GLI OTTO IMPUTATI erano tutti presenti alla conclusione del processo ter nato grazie alla perseveranza del pm Giovanni Musarò che nel 2018 aprì un nuovo fascicolo di indagine per depistaggio proprio durante il processo bis, quando in seguito alla testimonianza chiave del carabiniere Francesco Tedesco iniziarono ad emergere prove dell’insabbiamento. La ricostruzione del pm antimafia è stata accolta sostanzialmente dal giudice, e gli otto militari sono stati giudicati colpevoli (in primo grado, il ricorso in Appello è scontato) a vario titolo di falso, favoreggiamento, omessa denuncia e calunnia. Una condanna così, sia pure per alcuni meno dura di quella richiesta, gli imputati non se l’aspettavano: facce scure, e qualcuno è scappato via per nascondere le lacrime.
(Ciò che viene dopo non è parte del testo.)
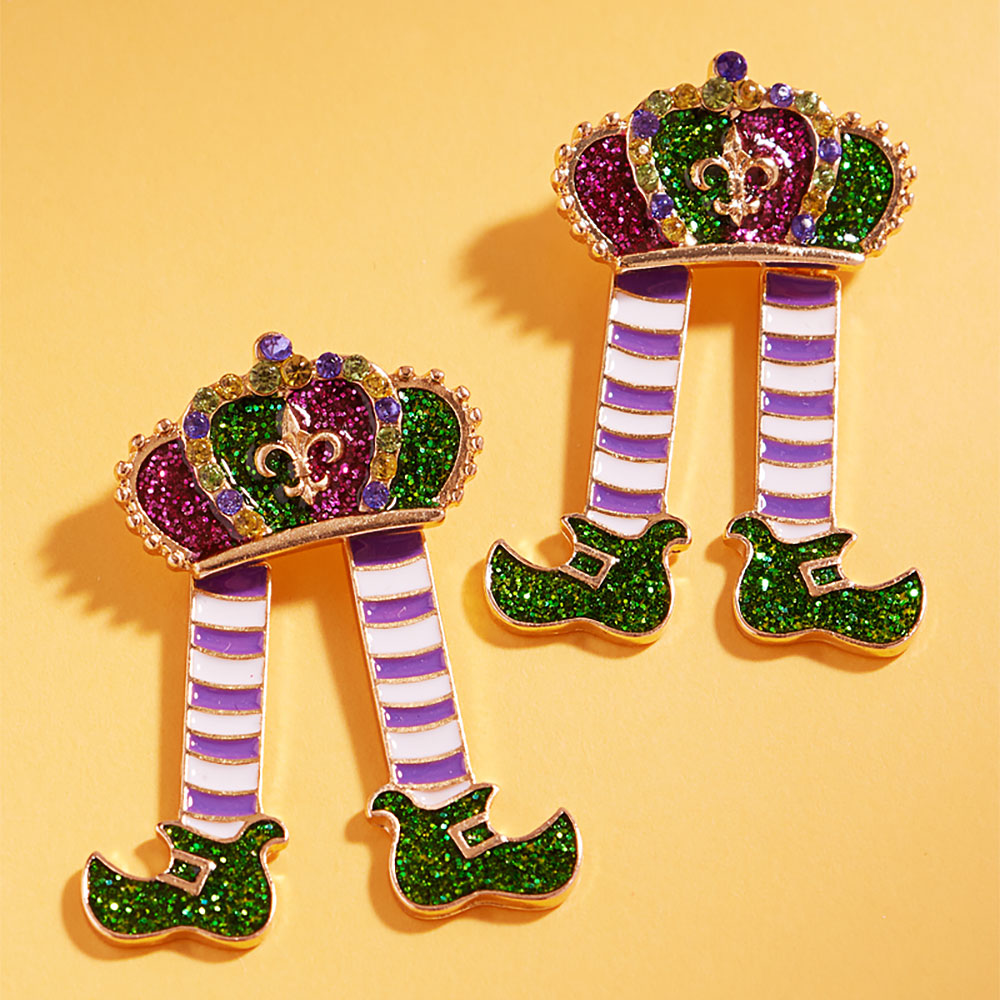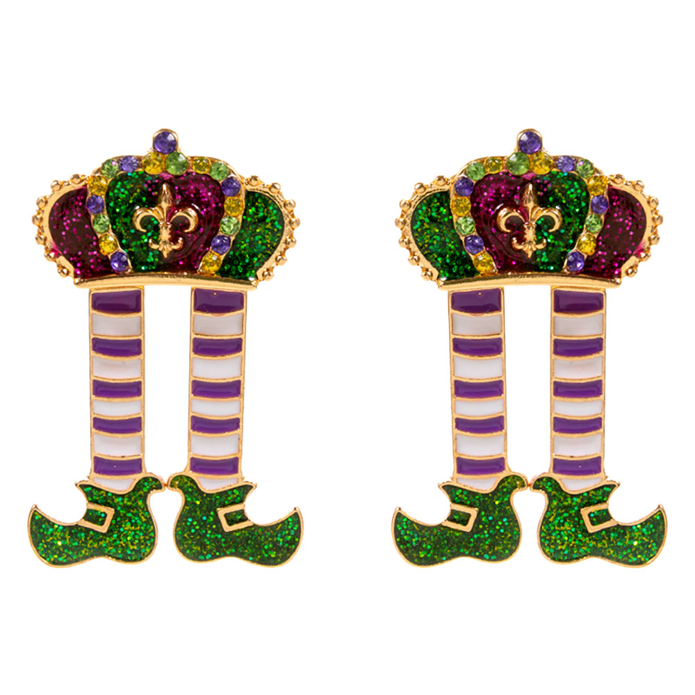• Add festive flair to your celebration look with these Mardi Gras Crown and Shoe Drop Earrings. Designed with playful striped legs and sparkling accents, they capture the lively essence of the season, perfect for parades, parties, and standout costume ensembles.
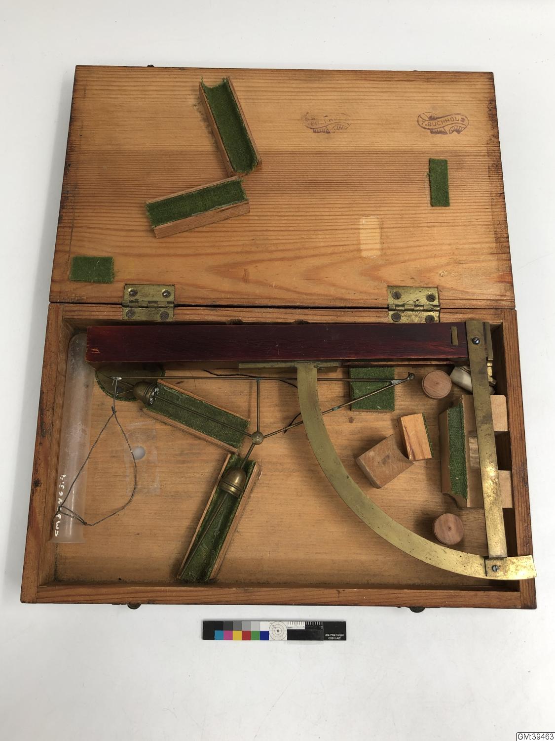 Balansvåg, bestående av 1) stativ av mahognyfärgat trä med mässingsskola; 2) triangulär vågarm med utstående ben; påskruvade tyngder; ögla för upphängning av följande: 3) vågskål - rund skiva av mässing med upphäng av tagel och liten krok; 4) provrör av glas med upphäng av ståltråd; 5) lod av mässing med svart tråd; 6) låda.
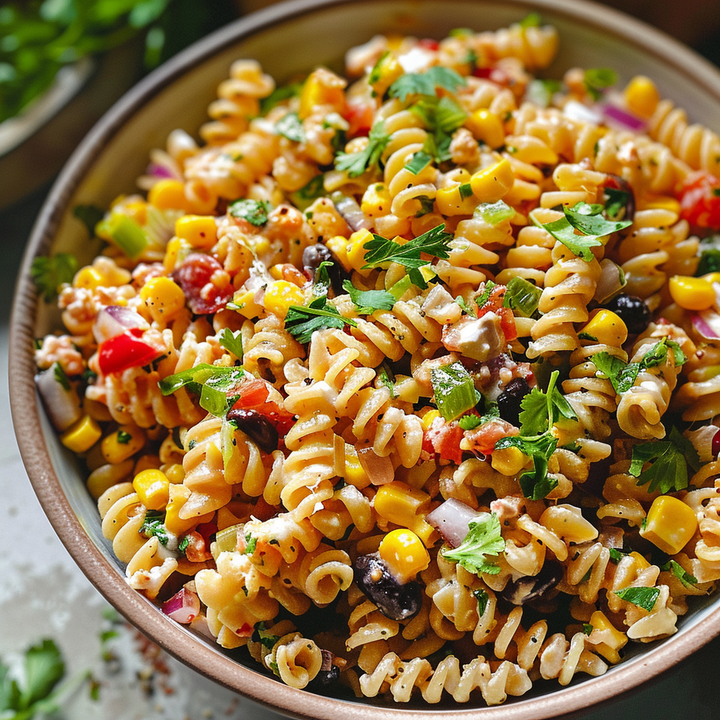 Start by boiling your pasta until al dente, then drain and rinse with cold water. While the pasta cools, roast your corn until it’s slightly charred for that signature street corn flavor. Combine everything in a large bowl, adding lime juice and spices last for an extra zing.
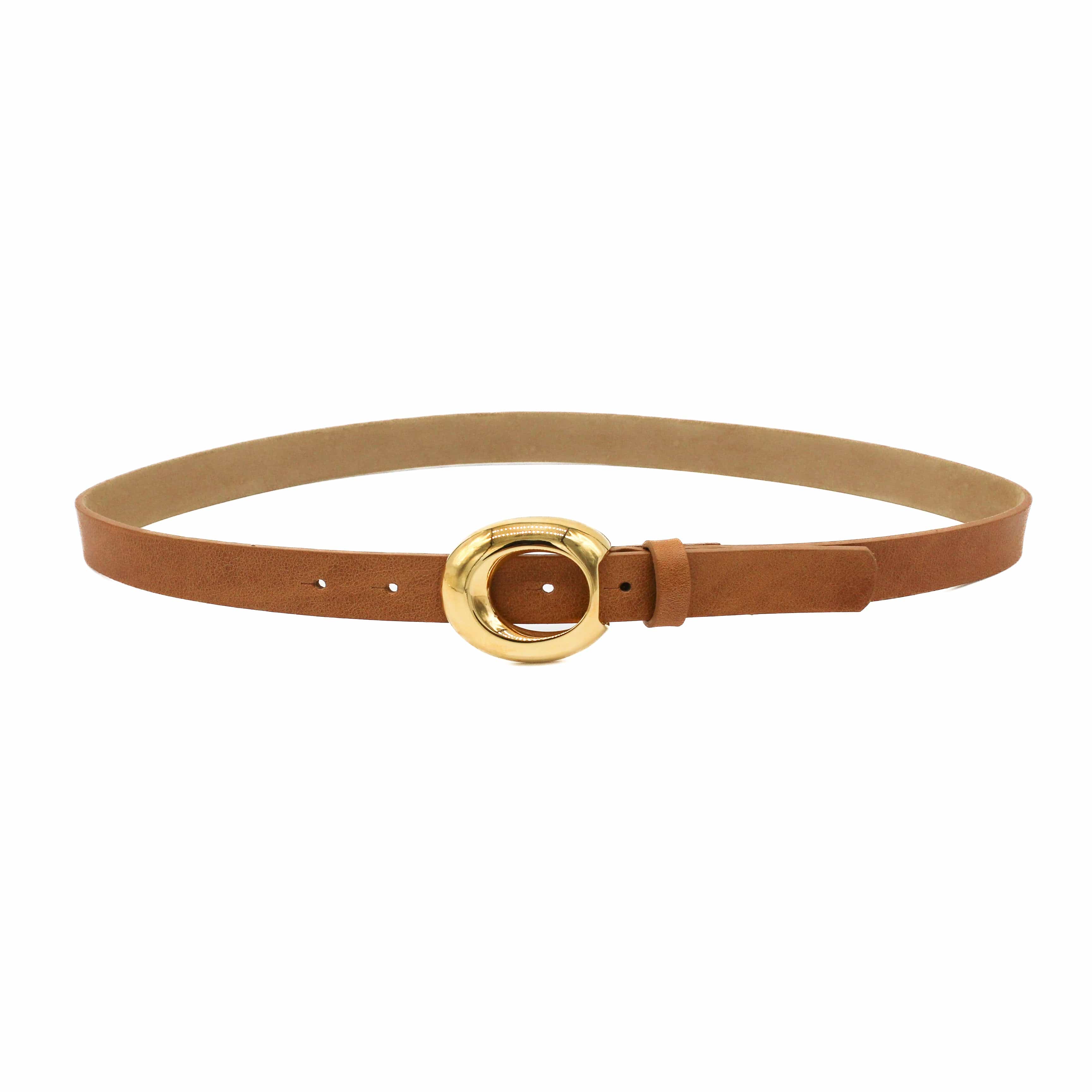 The Aamira Belt is a timeless wardrobe essential, crafted from smooth tan Italian leather and finished with a circular gold prong buckle. Its slim 1" width makes it perfect for everyday wear, whether styled through denim loops or cinched over dresses. Handcrafted in Los Angeles for enduring quality.

Forse troppo fresca la sentenza definitiva emessa lunedì scorso per i due carabinieri responsabili dell’omicidio preterintenzionale di Cucchi, D’Alessandro e Di Bernardo. Anche se per la Cassazione andrà ripetuto l’Appello per il maresciallo Roberto Mandolini, comandante della stazione Appia dove venne portato il giovane dopo il pestaggio, e per il testimone pentito Francesco Tedesco. Un nuovo processo da celebrarsi prima che intervengano i termini di prescrizione, slittati da maggio a luglio per recuperare le interruzioni da Covid. Anche ieri l’Arma ha chiesto scusa alla famiglia.
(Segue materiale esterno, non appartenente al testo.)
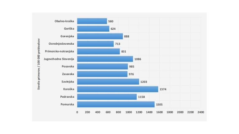 Na ravni države 14-dnevna incidenca na 100.000 prebivalcev trenutno znaša 963.
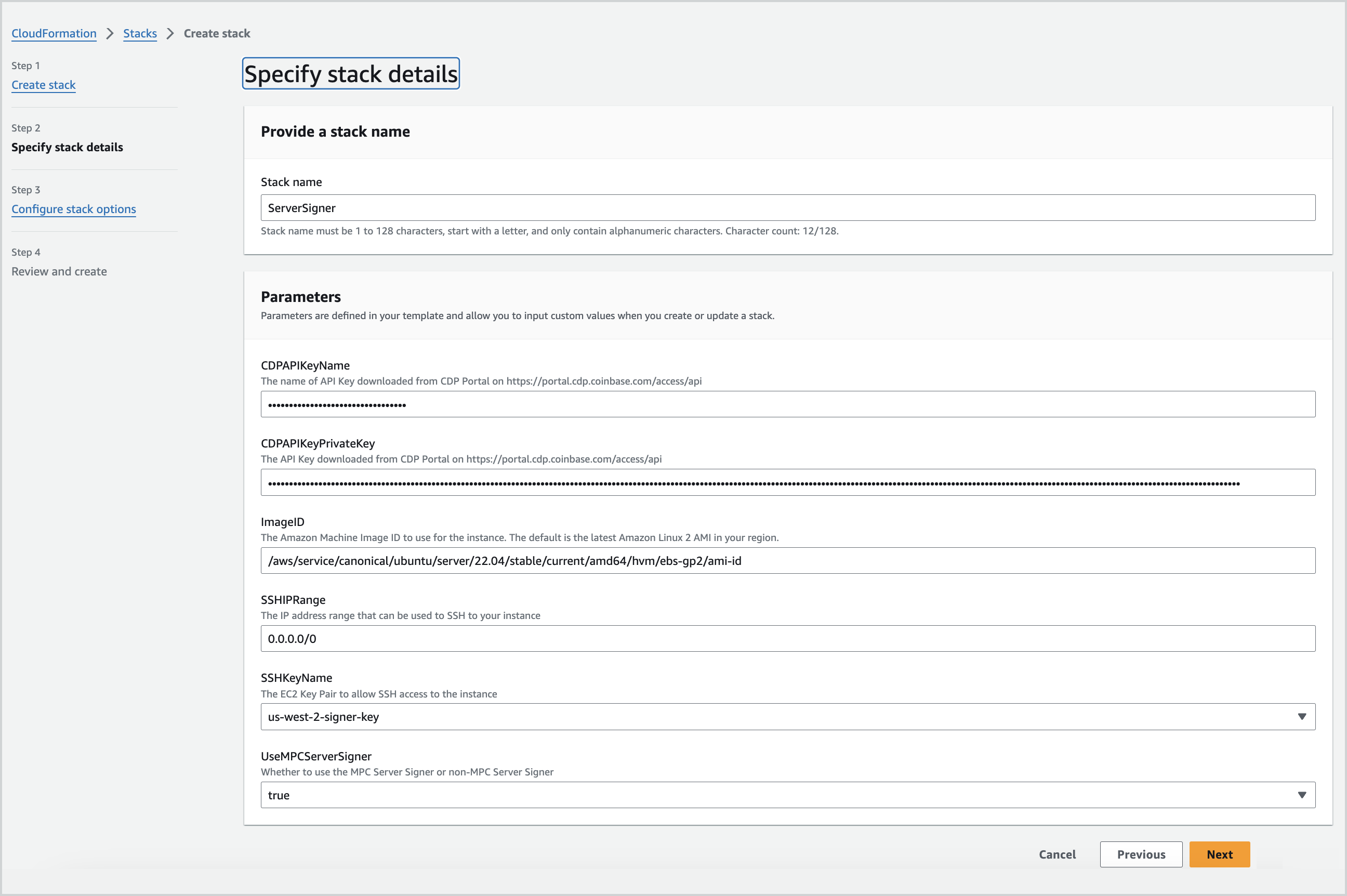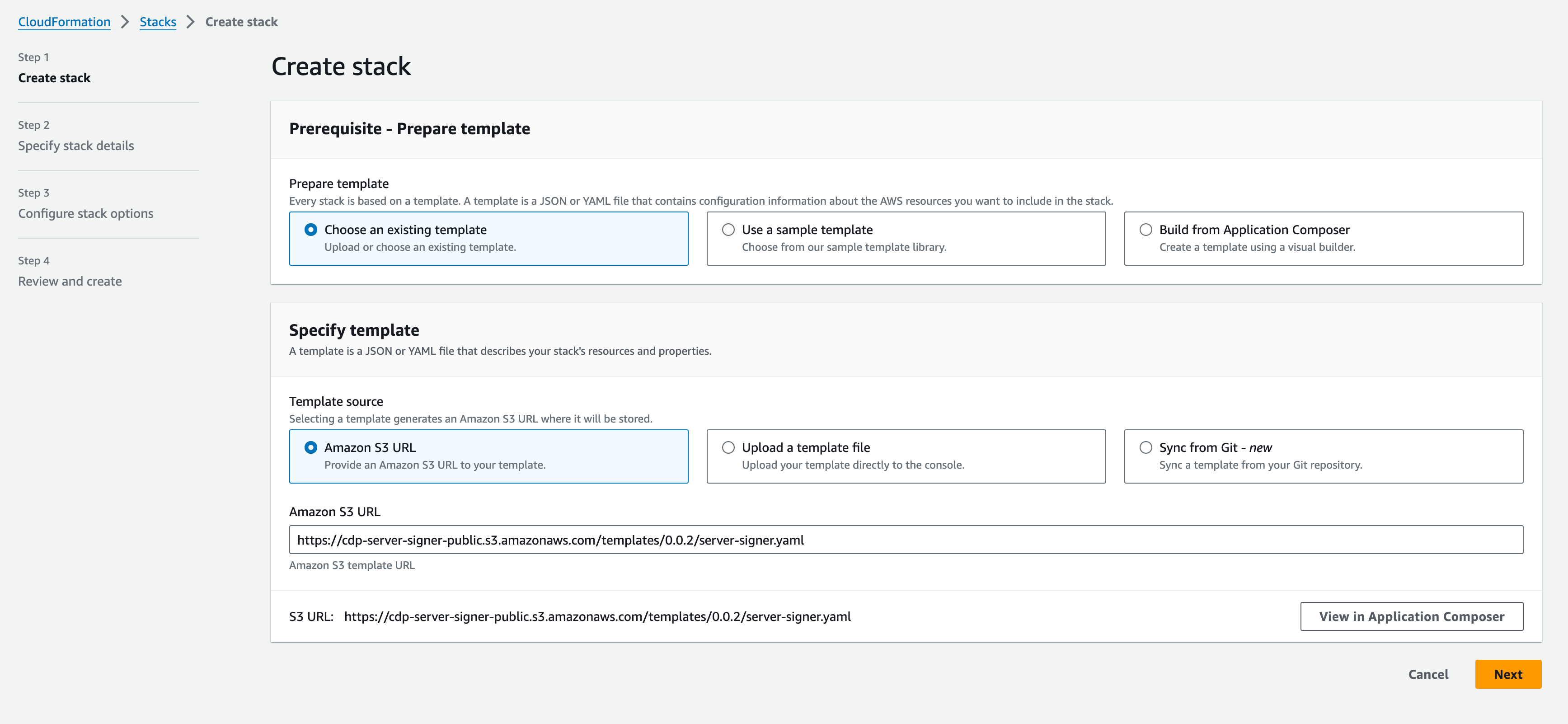 - Paste the URL https://cdp-server-signer-public.s3.amazonaws.com/templates/0.0.15/server-signer.yaml in the Amazon S3 URL field.

ILARIA CUCCHI questa volta in Aula è senza madre e padre, invecchiati sotto il peso dei dieci processi. «Non credevo sarebbe mai arrivato questo giorno – dice – Anni e anni della nostra vita sono stati distrutti, ma oggi le persone che ne sono stata la causa, i responsabili, sono stati condannati». Interviene il suo avvocato, Fabio Anselmo: «È stato confermato che l’anima nera del caso Cucchi è il generale Casarsa. Chiunque avrà il coraggio di affermare che Stefano Cucchi aveva qualsiasi patologia, che era un tossicodipendente, che era anoressico o sieropositivo, commette un reato di diffamazione perché quelle relazioni di servizio, che hanno gettato tanto fango sulla famiglia Cucchi per 12 anni, e che hanno ucciso lentamente Rita Calore e Giovanni Cucchi, sentendosele ripetere sui giornali, ogni giorno, e hanno logorato la vita di Ilaria, sono false. Studiate a tavolino».